After some probing into what each one’s perceptions of the problem might be, I gained a sense of what the main issue was: their marriage had no leadership because they were operating as a group instead of an organization (see the difference between a group and an organization in previous post or the glossary).
If you’ve read any of my previous articles, you’ve heard me talk about leadership in terms of a group vs. organization. I admit…these are not sexy terms when referring to a marriage…or a relationship. But, as you’ll see, they both serve as the foundation for predicting the stability and success of your relationship. So indulge me if you please.
Relationships vs. Organizations
There are two differences between a group and an organization (hover over the links to see a definitions). One, an organization is a group…with common goals. A group does not have goals. Two, members of an organization have different roles and responsibilities that lead towards accomplishing those goals. And wherever there’s an organization…leadership is present. Because leadership only exists inside an organization.
BUT SO WHAT!!! What does this have to do with your relationship — you ask.
Well my friend, to answer this question, we need to go all the way back to the first chapter…the first book of the bible…Genesis chapter 1
Genesis Chapter 1 (Heath Wiggins Version)
See-what-had-happen-was…God created the heavens and the earth.

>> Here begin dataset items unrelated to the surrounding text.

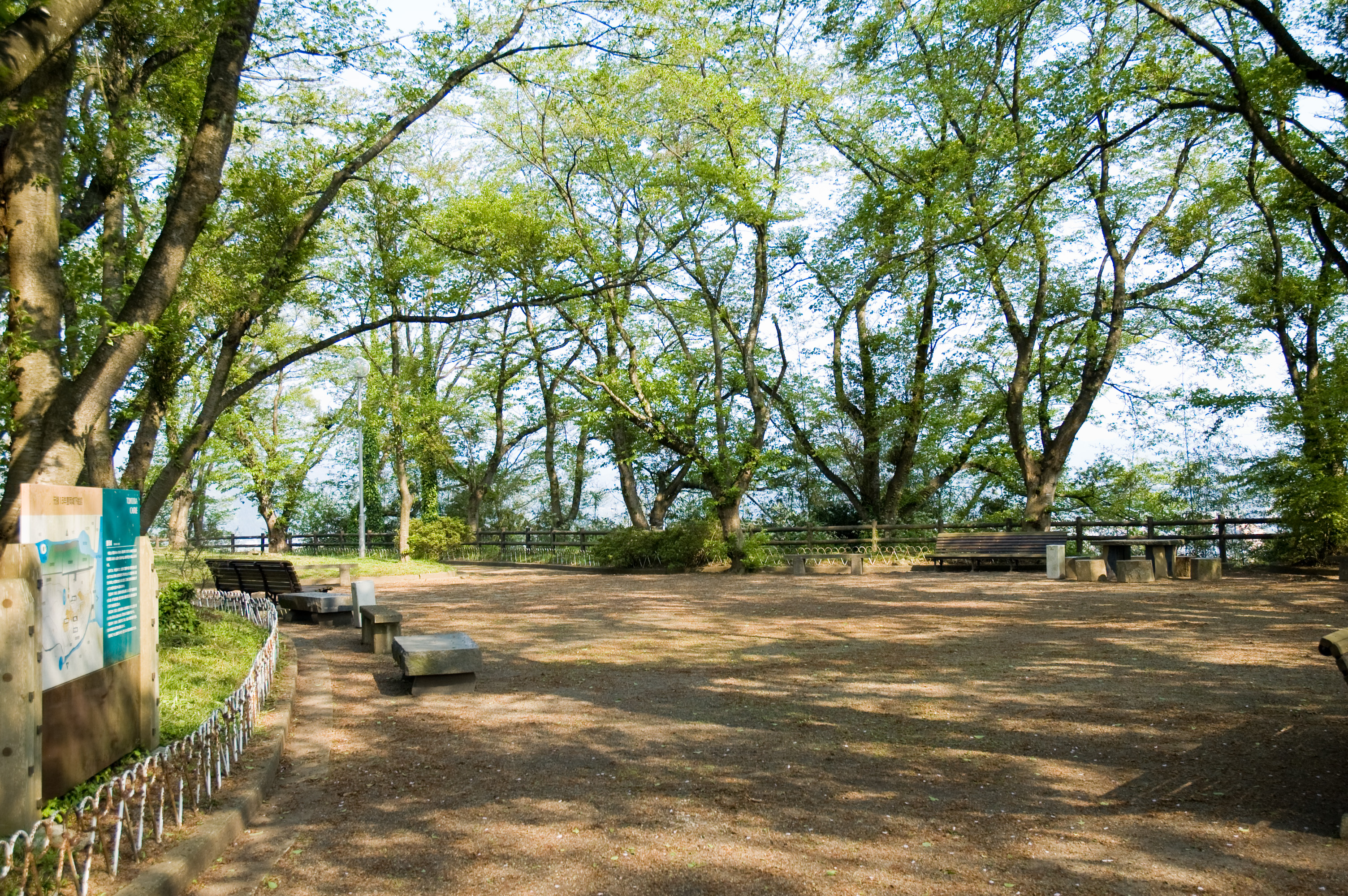 Honmaru of Jinmusan Park, in Toyooka, Hyogo Prefecture, Japan.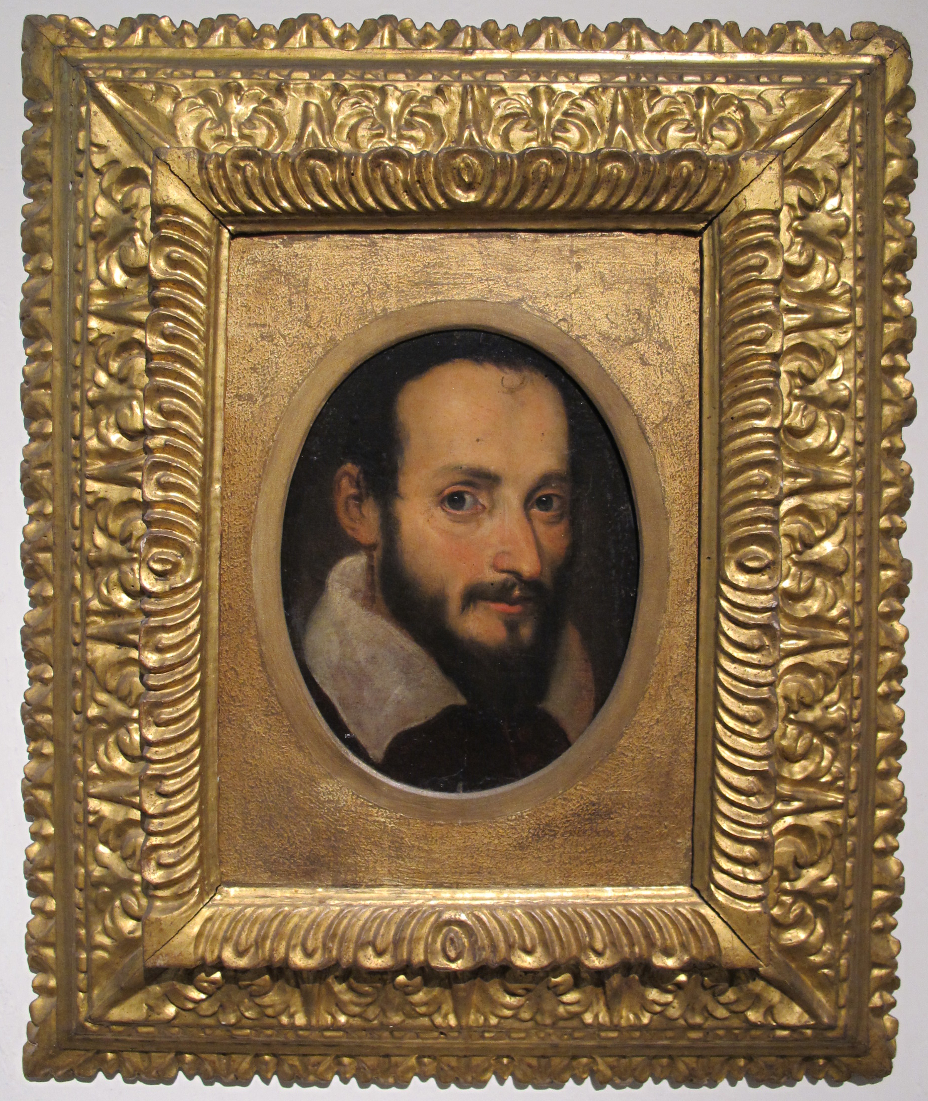 Painting in the National Pinacotheque, Siena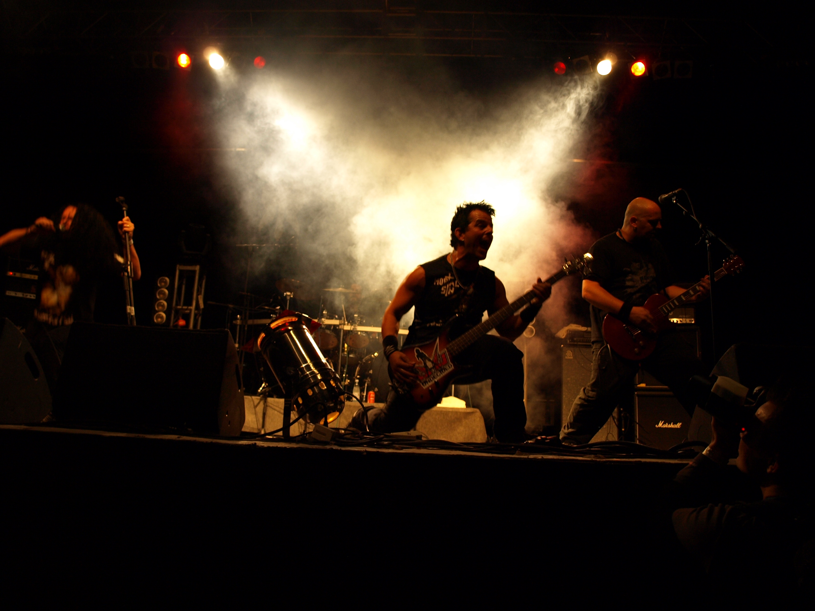 Australian Thrash metal band Mortal Sin live at Jalometalli 2008 in Oulu.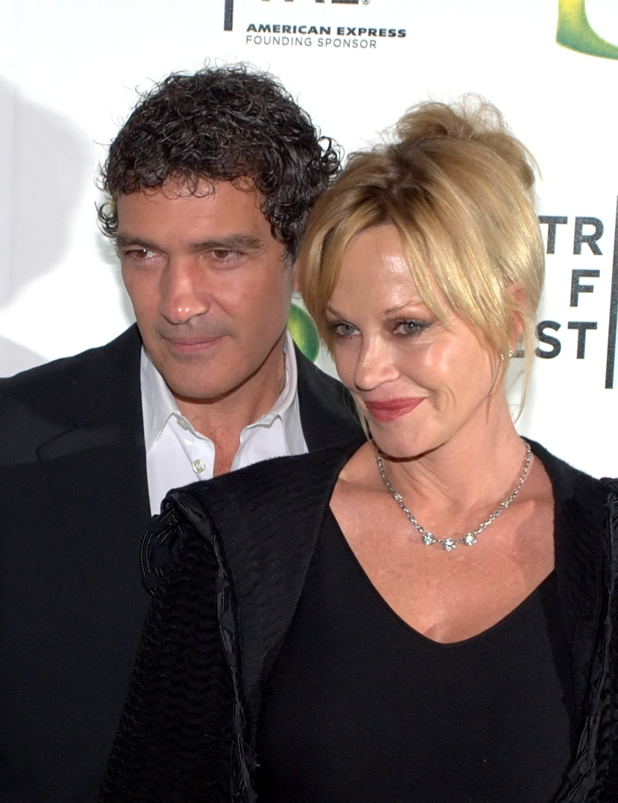 Antonio Banderas y Melanie Griffith en 2010.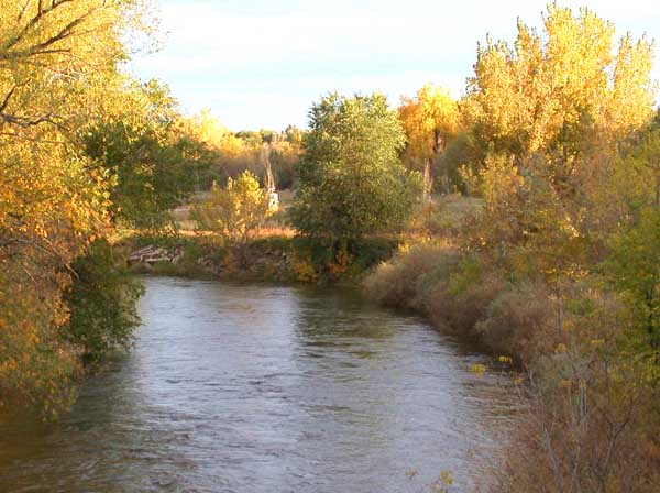 Cache La Poudre River as it flows through northern Fort Collins (taken Oct. 14, 2004) © 2004 Matthew Trump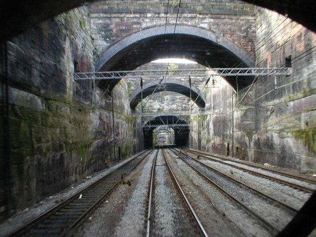 Leaving Liverpool Lime St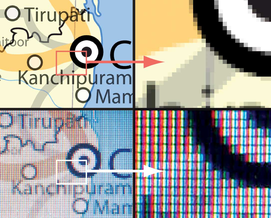 Computer images store color information in an array of pixels (top). Similiarly a display unit uses an array of pixels (each containing red, green and blue elements) to recreate the image (bottom).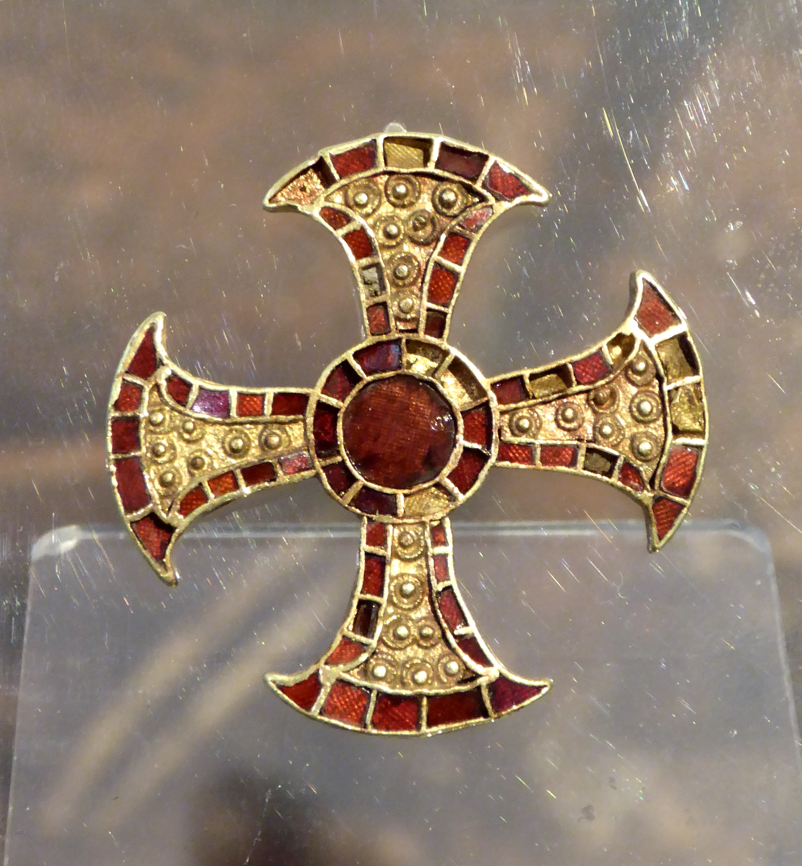 The Trumpington Cross, an Anglo-Saxon artefact recovered with a female bed burial grave in Trumpington, Cambridgeshire.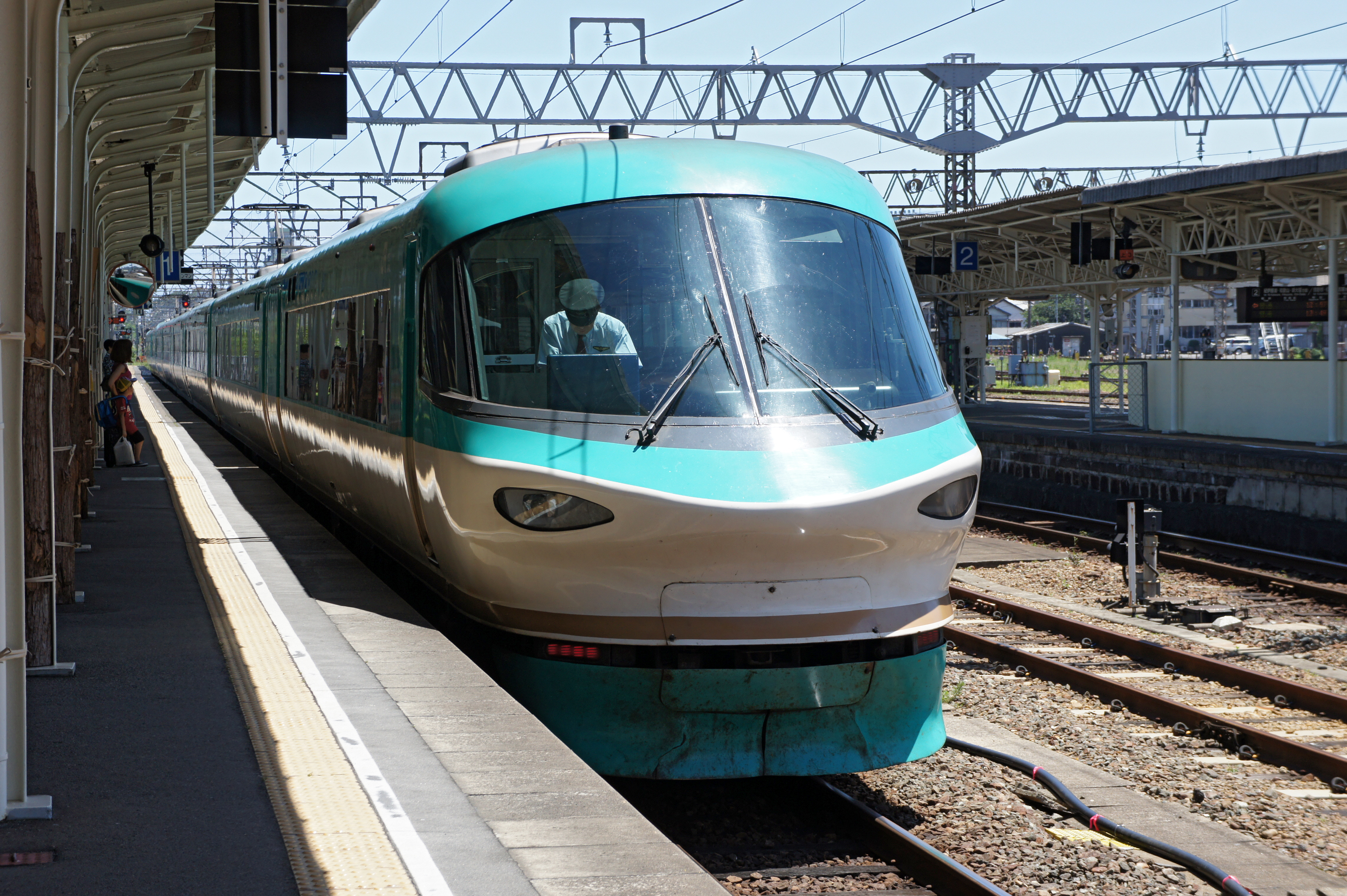 Shingu Station in Shigu, Wakayama prefecture, Japan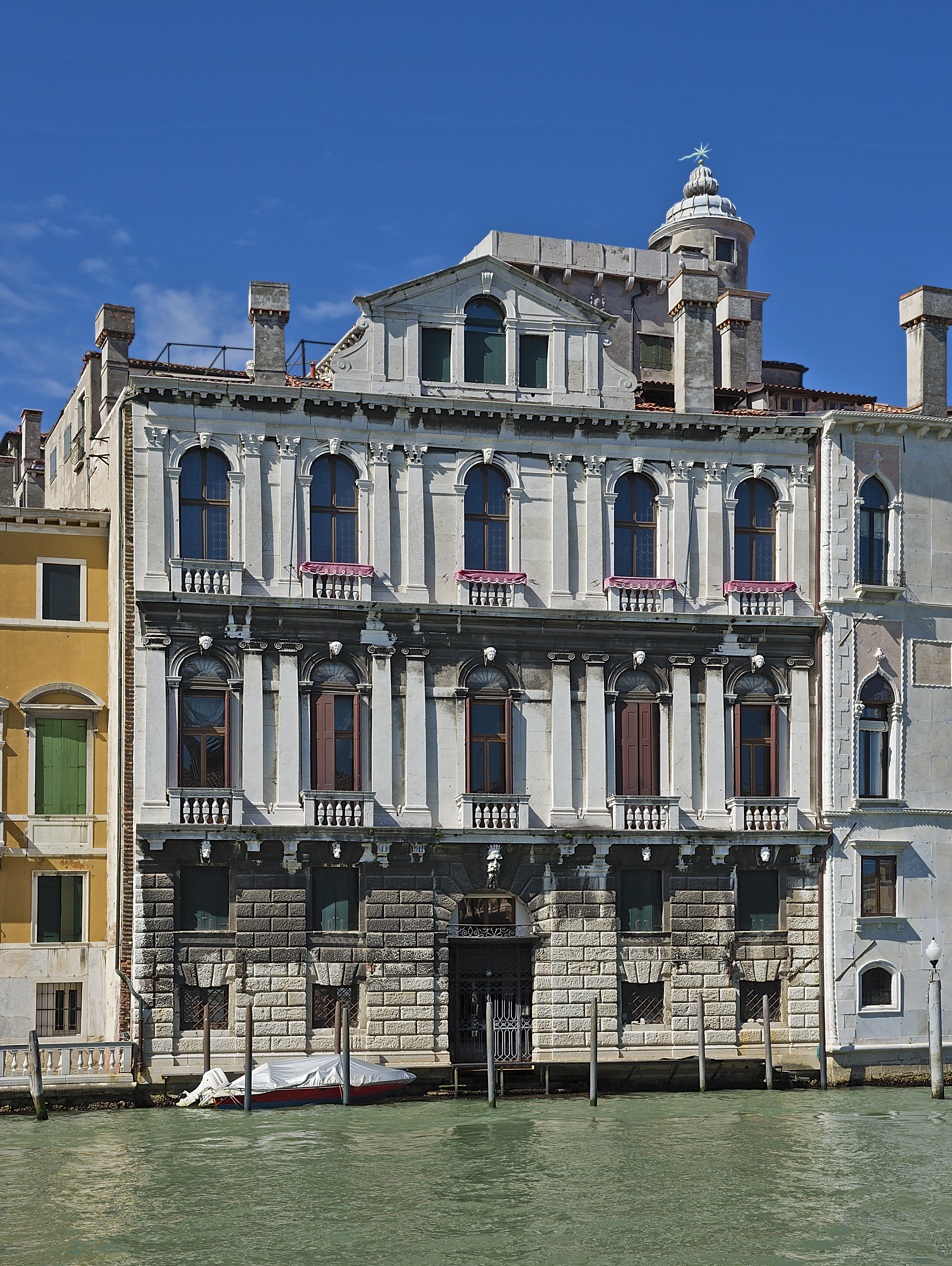 Palazzo Contarini degli Scrigni, Venice facade.

That became the blank canvas on which He was going to create everything else. Then, over the next five days, He goes through a series of “Let there be’s”. He ‘let there be’ light, water, sky, land, vegetation, day and night, seasons and years, creatures in the water, birds in the air, and animals on the ground. And after all that, he said it was all good. Amen! (Thus concludes the Heath Wiggins abridged version of Genesis 1:1-25)
Up to this point, God had not created man yet. That comes in verse 26 when, “…God said, “Let us make man in our image, after our likeness…” (NIV). Now…there’s a lot of debate among theologians about the meaning of the word “us”. I’m not entering that debate. But I will say that the word “man” is a generic term for mankind. Continuing in verse 27, God “…created man in his own image, in the image of God he created him; male and female he created them.” (NIV)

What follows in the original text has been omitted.